The standard Gibbs free energy change, \( \Delta_{t} G^{\circ}, \) is \( -408.75 \mathrm{~kJ/mol} \).

Step-by-step solution

Identify the Half-Reactions

To find the overall reaction involving Zn and Cl₂, let's first write the half-reactions. Zinc undergoes oxidation: \[ \mathrm{Zn}(s) \rightarrow \mathrm{Zn}^{2+}(aq) + 2e^- \] and chlorine undergoes reduction: \[ \mathrm{Cl}_{2}(g) + 2e^- \rightarrow 2\mathrm{Cl}^-(aq) \].

Write the Balanced Equation

Combine the oxidation and reduction half-reactions to balance the electrons and obtain the overall cell reaction: \[ \mathrm{Zn}(s) + \mathrm{Cl}_{2}(g) \rightarrow \mathrm{Zn}^{2+}(aq) + 2\mathrm{Cl}^-(aq) \]. This represents the reaction of 1 mole of zinc metal with chlorine gas.

Relate Standard Cell Potential to Gibbs Free Energy

Use the formula \( \Delta_{t} G^{\circ} = -nFE^{\circ} \) where \( n \) is the number of moles of electrons transferred (which is 2 in this reaction), \( F \) is Faraday's constant (approximately \( 96485 \) C/mol), and \( E^{\circ} \) is the standard cell potential.

Substitute Values into the Formula

Substitute the given values into \( \Delta_{t} G^{\circ} = -nFE^{\circ} \): \[ \Delta_{t} G^{\circ} = -(2)(96485 \mathrm{~C/mol})(2.12 \mathrm{~V}) \].

Calculate Gibbs Free Energy Change

Perform the multiplication to find \( \Delta_{t} G^{\circ} \): \( \Delta_{t} G^{\circ} = -408752.8 \mathrm{~J/mol} \), which is often expressed in kilojoules, so \( \Delta_{t} G^{\circ} = -408.75 \mathrm{~kJ/mol} \).

Key concepts

Gibbs Free Energy

Gibbs Free Energy, commonly denoted as \( \Delta G \), is a thermodynamic quantity that represents the maximum reversible work that a thermodynamic system can perform. It is essential in predicting whether a process will occur spontaneously.
In the context of electrochemistry, Gibbs Free Energy change, \( \Delta_t G^{\circ} \), is related to the cell potential and the amount of charge transferred in the reaction.

• A negative \( \Delta G \) indicates a spontaneous reaction, meaning it can occur without outside intervention.
• A positive \( \Delta G \) means the reaction requires energy input to proceed.

The formula \( \Delta_t G^{\circ} = -nFE^{\circ} \) links Gibbs Free Energy with the standard cell potential \( E^{\circ} \), the number of moles of electrons \( n \), and Faraday's constant \( F \). Here, \( F \) is approximately \( 96485 \) Coulombs per mole. This relation shows that the energy change depends on both the cell potential and how many electrons are moving in the reaction.

Standard Cell Potential

The Standard Cell Potential, \( E^{\circ} \), provides insights into the driving force of an electrochemical reaction. It's essentially about the voltage or electromotive force of a cell when concentrations of all reactants and products are at standard conditions, typically \( 1 \) M concentrations, \( 1 \) atm pressure, and \( 25 \degree C \).

• It is measured in volts (V).
• An electrochemical cell with a positive \( E^{\circ} \) tends to drive the reaction spontaneously.
• Conversely, a negative \( E^{\circ} \) implies a non-spontaneous reaction needing external power to occur.

When calculating the standard cell potential for a reaction involving zinc and chlorine gas, as given \( 2.12 \) V, it tells us that the reaction is spontaneous and can proceed without energy input, at standard conditions.

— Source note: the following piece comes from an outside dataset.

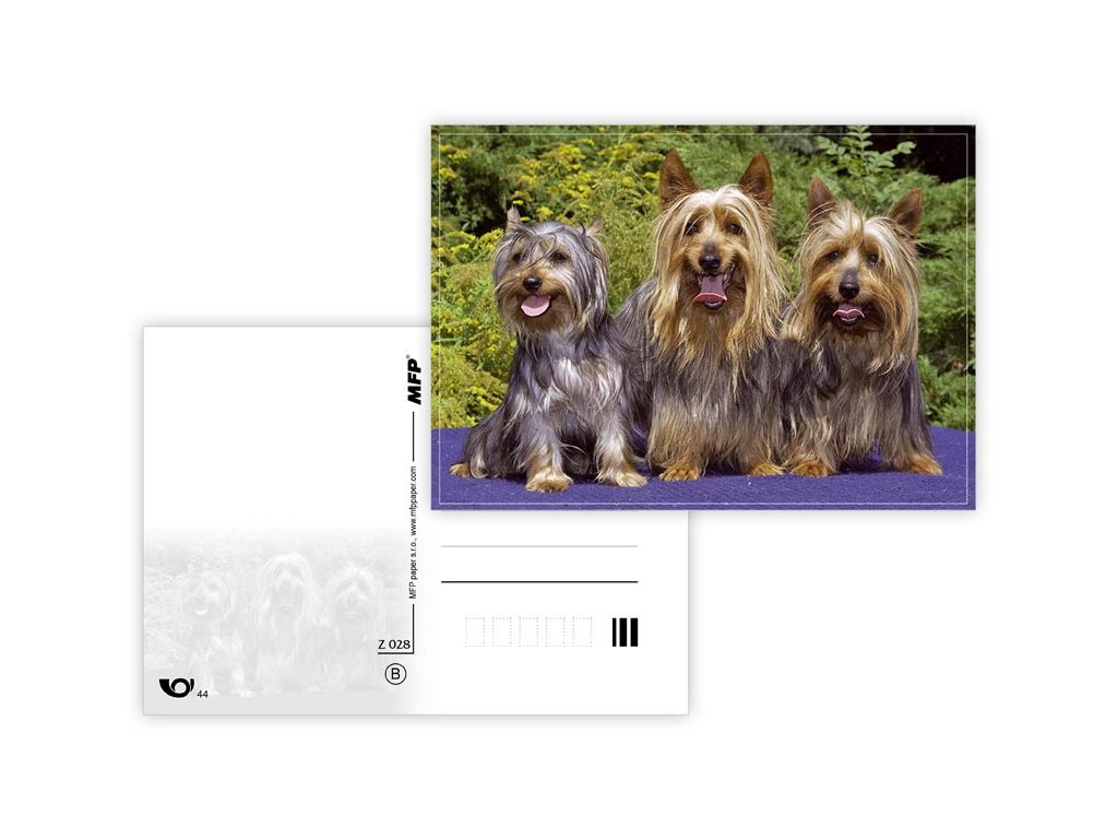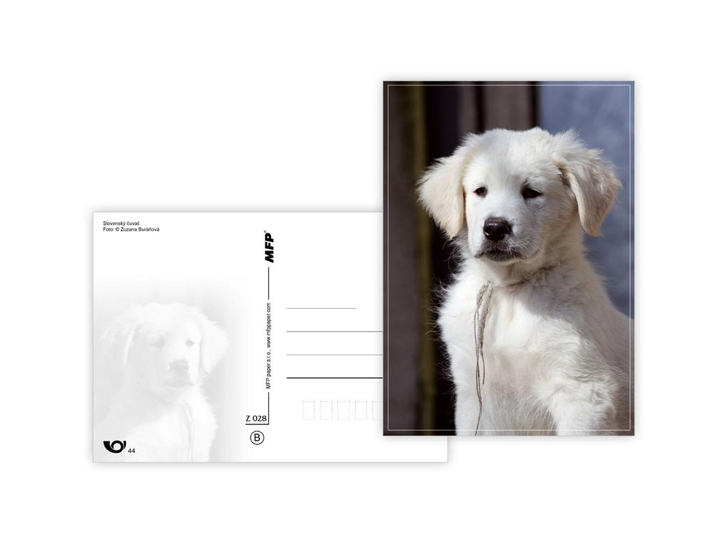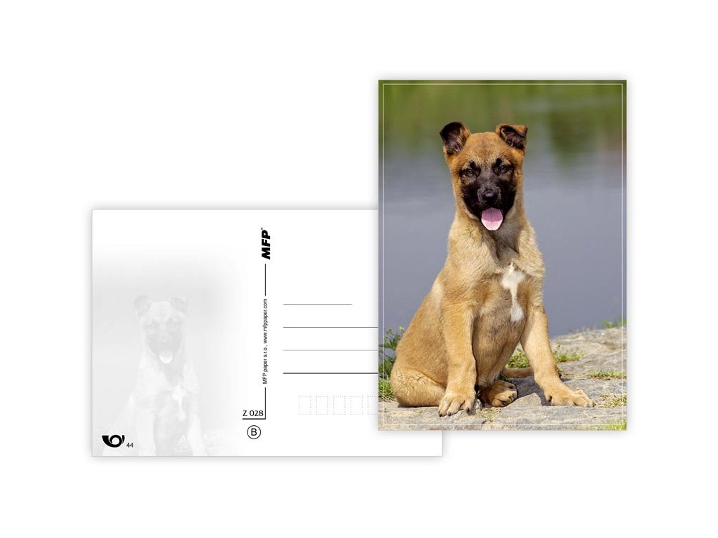 Pohľadnica s motívom zvierat. Nájdete tu obrázky rôznych plemien psov a šteniat. Dodávame v mixe podľa skladových zásob. Pohľadnice sú bez textu na zadnej strane. Uvedená cena je za 1 ks Rozmery: A6 10,5 x 14,8 cm Papier: pohľadnicový kartón 240 g Povrchová úprava: UV lak Text: 0/6Dodatočné parametre

The larger the positive value, the more tendency the reaction has to occur.

Redox Reactions

Redox reactions are chemical processes in which there is a transfer of electrons between two species. The term 'redox' comes from "reduction-oxidation" reactions. It involves two half-reactions:

• Oxidation: Loss of electrons. In the example, \( \text{Zn} \rightarrow \text{Zn}^{2+} + 2e^- \), zinc is losing electrons.
• Reduction: Gain of electrons. The chlorine gas \( \text{Cl}_2 + 2e^- \rightarrow 2\text{Cl}^- \), is gaining those electrons.

These half-reactions occur simultaneously, where one species is oxidized and another is reduced.
Understanding these reactions is vital in fields like electrochemistry, as they drive the generation of electricity in galvanic cells. In the given reaction of zinc with chlorine, zinc acts as the reducing agent while chlorine is the oxidizing agent.